Essa história é escrita antes mesmo da chegada física do bebé ao mundo. Ela começa no desejo do Outro, com os novos sonhos e fantasias de “ter” uma criança, etc.

Muitas grávidas, na hora do parto, deparam-se, confrontam-se com tudo o que a sua história arrasta consigo, nomeadamente com a sua relação de mulher com a própria mãe.

Os homens também são afetados pela gravidez da sua parceira e pelo momento parto, confrontam-se igualmente com a história, com a relação com o seu pai e mãe, com a sua capacidade de amar e ser amado.

O homem é também atormentado pela sua experiência sexual e afetiva; a sensação de ser abandonado pela parceira que está numa relação fusional com o bebé, o receio de ser egoísta por desejar ter relações com a companheira, a impressão de fragmentação do corpo da parceira (por exemplo, o seio para o bebé, a vagina para ele).

Ao mesmo tempo, é confrontado com a sua capacidade ou incapacidade para cuidar do bebé, de ter de se encarregar de um pequeno ser totalmente dependente, de exercer funções muitas vezes pensadas como “maternais”. Questões que tocam os homens nos seus lados masculino e feminino.

Nomes do pai e funções

Alguns homens não conseguem responder à função de pai quando um filho seu é anunciado ou vem ao mundo. Porque “filho” torna-se um significante que afeta a existência de um homem transformando-o em Pai. A um certo nível, é o filho que dá a um homem o nome de “pai”. É a partir desta nomeação que surge a dor e/ou a delícia de carregar o Nome de pai.

Todavia, assumir o Nome-do-Pai, não é a mesma coisa que ser nomeado para o cargo ou a função de pai. A este nível, proliferam os nomes do pai. Pode haver o Pai do céu, o Santo Pai, ou o Pai de Santo, por exemplo. Uma mulher pode também desempenhar a função do pai.

Ser pai é também amar uma criança, reconhecê-la e educá-la como o seu filho ou filha, para além de lhe transmitir um apelido e de a chamar pelo seu nome.

Parentalidade

“Parentalidade” é um neologismo que indexa o real do parentesco, ou seja, não se refere apenas à ordem simbólica do pai (Nome-do-Pai) e à sua função na metáfora paterna, que é de criar uma significação fálica para o Desejo da mãe.

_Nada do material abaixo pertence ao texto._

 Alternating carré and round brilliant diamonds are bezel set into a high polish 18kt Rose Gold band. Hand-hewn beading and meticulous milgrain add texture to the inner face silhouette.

Para que haja parentalidade é preciso que exista um filho ou uma filha. É o bebé, não como substituto do Falo, mas como objeto de desejo e de gozo que permite realmente ao pai ou à mãe exercer as funções parentais.

Na parentalidade contemporânea, os homens são também convocados a ações de cuidado, afeto, atenção, etc. Estas podem ou não ser espontâneas, porque, apesar de serem comuns aos dois sexos, existem ainda muitos homens que as sentem como funções unicamente maternais.

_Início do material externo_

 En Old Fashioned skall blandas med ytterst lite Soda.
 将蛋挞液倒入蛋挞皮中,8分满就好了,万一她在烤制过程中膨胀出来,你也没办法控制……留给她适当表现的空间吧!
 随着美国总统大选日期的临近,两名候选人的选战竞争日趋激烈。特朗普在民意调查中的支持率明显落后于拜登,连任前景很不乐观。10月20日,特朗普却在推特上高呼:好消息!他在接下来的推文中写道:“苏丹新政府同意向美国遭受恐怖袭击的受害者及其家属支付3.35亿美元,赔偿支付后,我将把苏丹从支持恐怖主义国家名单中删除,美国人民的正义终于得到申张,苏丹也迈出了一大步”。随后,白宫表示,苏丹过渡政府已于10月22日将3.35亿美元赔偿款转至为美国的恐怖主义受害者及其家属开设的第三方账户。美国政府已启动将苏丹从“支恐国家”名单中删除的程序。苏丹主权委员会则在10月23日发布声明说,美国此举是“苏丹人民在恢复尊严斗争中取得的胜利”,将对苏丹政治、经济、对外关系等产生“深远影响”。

Linhas guias e objetivos do grupo de estudos

1. Sonho de gravidez

Como se dá a gestação, o parto e o pós-parto, tanto para a mulher como para o homem? Quais as transformações, emoções e pensamentos que podemos observar naqueles que participam na gestação, no parto, nos cuidados e na educação de uma criança?

2. Nomes do pai

O que é o Nome do Pai, os nomes do pai e a função de um pai? Quais são as implicações da chegada de um bebé para um pai? Como se exerce a função paterna hoje? Ainda existem funções masculinas e femininas, paternas e maternas? O que é a parentalidade contemporânea?

3. Histórias de família

De onde vem a família contemporânea? Quais são as atuais formas de organização familiar? Como se estruturam os lugares do pai e da mãe na atual parentalidade? Após uma separação conjugal, como fica a relação entre pais e entre os pais e os filhos? Como se sustentam os novos arranjos familiares? A criança será ainda his majesty the baby, o centro dos olhares da família?

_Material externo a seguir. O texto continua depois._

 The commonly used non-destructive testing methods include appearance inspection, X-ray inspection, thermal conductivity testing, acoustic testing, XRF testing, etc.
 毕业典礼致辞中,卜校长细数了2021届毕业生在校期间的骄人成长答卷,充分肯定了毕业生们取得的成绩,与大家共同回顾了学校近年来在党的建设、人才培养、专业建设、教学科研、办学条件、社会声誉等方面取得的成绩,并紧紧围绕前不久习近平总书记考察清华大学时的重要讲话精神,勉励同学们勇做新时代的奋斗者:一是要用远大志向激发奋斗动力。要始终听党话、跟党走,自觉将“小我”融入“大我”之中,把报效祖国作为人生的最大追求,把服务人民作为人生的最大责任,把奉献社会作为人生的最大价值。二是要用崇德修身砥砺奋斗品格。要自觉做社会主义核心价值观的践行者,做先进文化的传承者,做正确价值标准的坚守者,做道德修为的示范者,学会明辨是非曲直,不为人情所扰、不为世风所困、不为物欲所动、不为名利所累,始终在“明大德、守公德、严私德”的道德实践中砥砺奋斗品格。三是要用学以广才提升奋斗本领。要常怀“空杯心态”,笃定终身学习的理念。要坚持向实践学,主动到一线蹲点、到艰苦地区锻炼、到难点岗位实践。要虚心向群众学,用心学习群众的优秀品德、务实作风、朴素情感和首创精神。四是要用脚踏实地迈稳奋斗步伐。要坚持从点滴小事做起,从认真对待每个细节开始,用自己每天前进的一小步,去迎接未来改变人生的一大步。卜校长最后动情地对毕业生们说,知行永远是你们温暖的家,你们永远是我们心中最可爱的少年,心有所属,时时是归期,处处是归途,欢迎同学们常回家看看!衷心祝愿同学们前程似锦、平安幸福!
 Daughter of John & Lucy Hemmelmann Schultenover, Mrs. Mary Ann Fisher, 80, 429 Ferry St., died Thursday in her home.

Para participar, entre em contacto:

Referências

Textos de psicanálise - proposta inicial

Pipol10. Site da EFP – Eurofederação de Psicanálise.
https://www.europsychoanalysis.eu/pipol-10

Lacan, Jacques. Nota sobre a criança. Outros Escritos, p. 369-370. Jorge Zahar Editora.

Brousse, Marie Hélène. «Un néologisme d’actualité : la parentalité».
La Cause freudienne, 60, Paris, Navarin éditeur, 2005, p. 123.
https://www.cairn.info/revue-la-cause-freudienne-2005-2-page-115.htm

Laurent, Éric. «Los niños de hoy y la parentalidad contemporánea».
Conferência na Facultad de Psicología de la Universidad de Buenos Aires, Maio de 2018. Youtube.
https://www.youtube.com/watch?v=j-Y89V6ofHo

Ansermet, François. «Les Battements du Temps “L’Origine à venir”». Youtube.
https://www.youtube.com/watch?v=V8ZpoyOP-qk

Martinho, José. O Que é um Pai? Editora: Assírio & Alvim. Dez/1990.
Livro na Wook.
Publicações da ACF-Portugal.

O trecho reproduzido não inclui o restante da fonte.